Time, incidentally, was a brand formerly used by Smithwick's before it was taken over by Guinness. If Diageo still owned the trademark, no doubt they would have had it made at one of their Irish lager factories in Kilkenny or Dundalk where they make Harp, Satzenbrau, Bud and Carlsberg. However, I'm told the "Time Brewing Company" acquired the name when the trademark lapsed and they're having this brewed in England.

The beer itself, I'm pleased to report, is quite decent. It has a fairly light carbonation for a pilsner, which is a plus point when it comes to curry, and a bold malty flavour which cuts through the vindaloo sauce beautifully. At the end there's a little bit of a dry hops bite, but nothing too severe. It puts me in mind of Beck's, and if I had to guess a country of origin I would have placed it in Germany. All-in-all, Time passes the curry test with flying colours.

However, what with the vast range of eastern European lagers now available at bargain prices, I find it bizarre that someone would try and push an Irish-themed premium-priced lager onto the market. This sort of money will get you a bottle of Flensburger or Augustiner in any decent off licence. Why would a punter, either here or abroad, be attracted to this?

01 September 2007

Light drizzle, more like

Brewed with "lemongrass and coriander" to be "excellent with spicy and oriental food", says the label of Hopback's Taiphoon. The lemongrass meant I decided to put it to the test with a Malaysian curry rather than my preferred vindaloo. It's a very pale yellow ale with a slight sediment. The aroma is promising: lemon and spice, but it's not backed up with flavour. What's there is subtle and tasty, but totally crushed under the weight of chillies. Well-made, but not what I need in a currybeer.

Back to the Cobra for me.

12 October 2006

Miscellaneous kiwis

New Zealand certainly has no shortage of breweries. As well as several big players and a couple of brewpub chains there are innumerable small-to-middle-sized operations all making a surprisingly wide range of beers. In the time I was there I could only hope to get a taster of what was on offer from these breweries, and with several I only managed to try one of their beers.

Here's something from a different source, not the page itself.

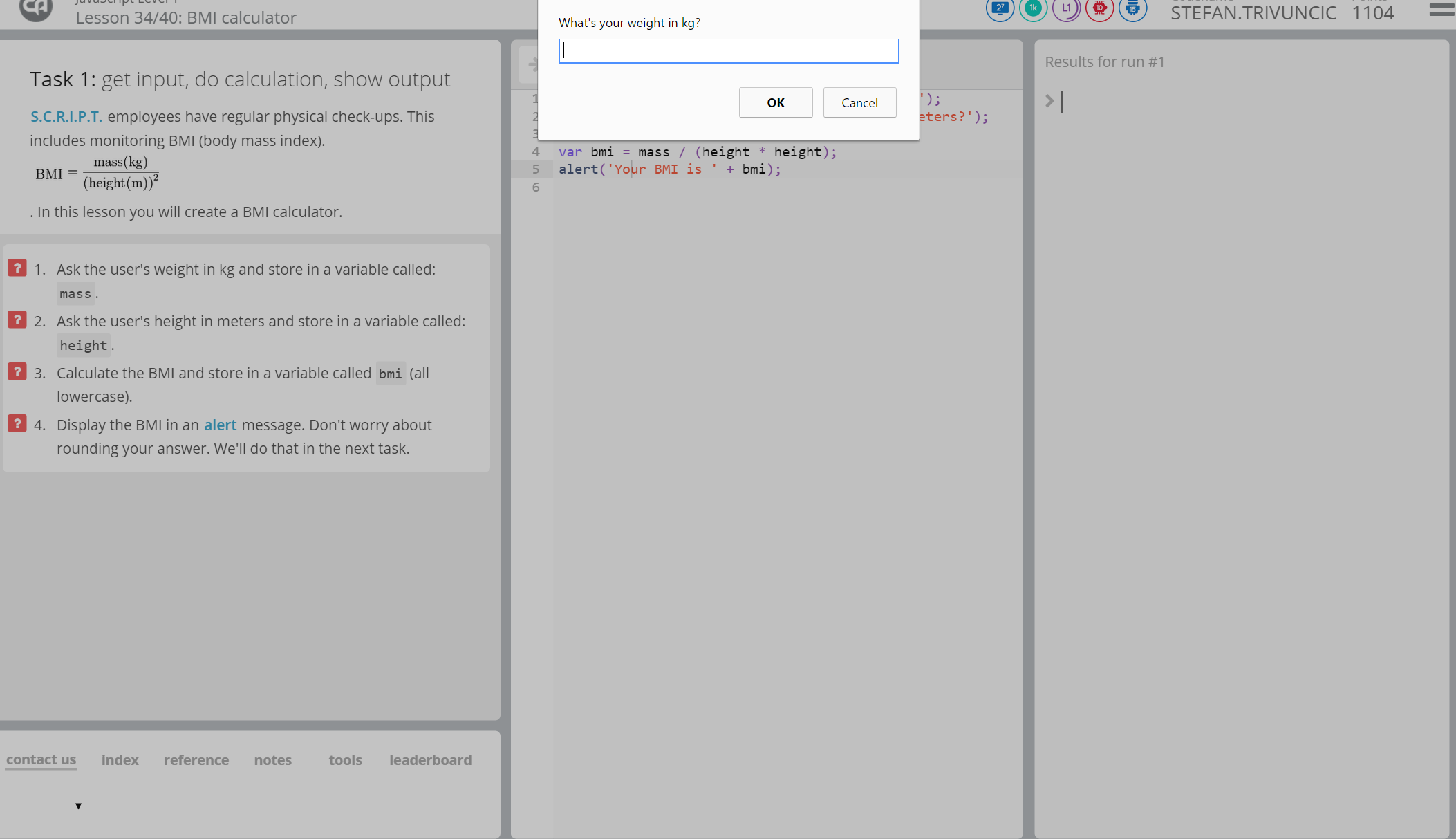 After a snack break, the AcadeCoders took learning about For Loops, where they learn how to efficiently repeat codes of their choice. Following For Loops, the AcadeCoders do the Challenge: BMI Calculator, where they take what they have been taught and design a BMI calculator.
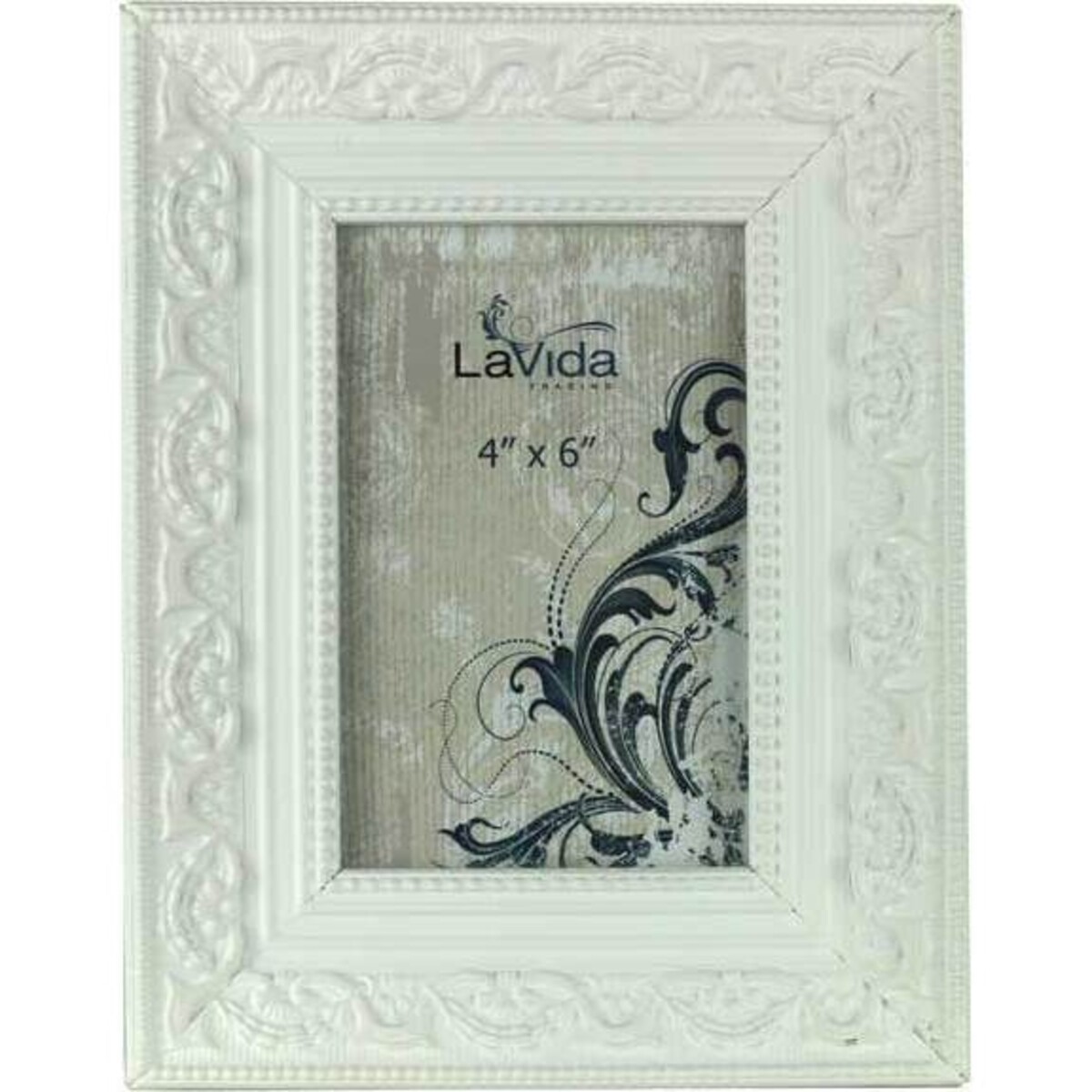 The picture frame has a gorgeous intricate design all along its wide border all in white. The frame has been fabricated from MDF and the inner glass is of high quality with great clarity. The frame can hold a picture 6 inches in height and 4 inches in width while its outer dimensions is 22 cm in height and 16 cm in width making it quite a prominent presence in the corner, the mantelshelf or the bedside. Would look great in a typical vintage setting or in homes that like an antique look. The frame has such fine detailing that the larger scalloped pattern is accompanied by tiny linear patterns alongside and some more ribbed pattern to give the frame certain sturdiness as well as a delicate overall feel. Would look resplendent under an ornate lamp where its design would get highlighted. Frames such as these invoke the beauty of craft and artistic vintage features that will transfer its beauty to what is held within. Could be teamed up with smaller or bigger pictures in variety of frames to make a very warm and cosy corner in the living room or the bedroom.

So before I move on to the breweries I am most familiar with, this post is about the individual beers whose stablemates never reached me.

Duncan's Founder's range offers a broad selection of beers, of which Generation Ale was the only one I managed to try. It's a very smooth and satisfying dry nutty brown ale. Monk's Habit is an even more complex bitter with a strong burst of grapefruit on the nose and a taste both fruity and spicy at once. Green Man Organic Bitter is remarkably pale, but is most definitely bitter - probably the bitterest bitter in New Zealand. It has a full-on vegetal taste with notes of sprouts and broccoli, but in a good way.

On the lager front, the local Indian-style curry lager is called Monsoon which isn't a success, being blander and fizzier than Cobra or Kingfisher which it is presumably trying to emulate. The Pig and Whistle bar in Rotorua serve an own-brand lager called Swine which is very light, but carried an overtone of mustiness which spoiled it for me and I'm not sure if it was intended. Could be I just got a bad pint.

The Limburg brewery make a Witbier which is both orange in colour and taste. So overpoweringly fruity is this one that drinking more than 33cl would be a tall order, I think.

Lastly, and most interestingly, is Spruce Beer. The label claims this is based on an original recipe used on Captain Cook's voyages and incorporating the nearest thing New Zealand has to spruce, the rimua, as well as tea-tree leaves. The result is a fairly smooth beer but with a bizarre and distracting mediciney taste. It's certainly nothing at all like Scotland's real spruce beer Alba. Still, Kiwi as.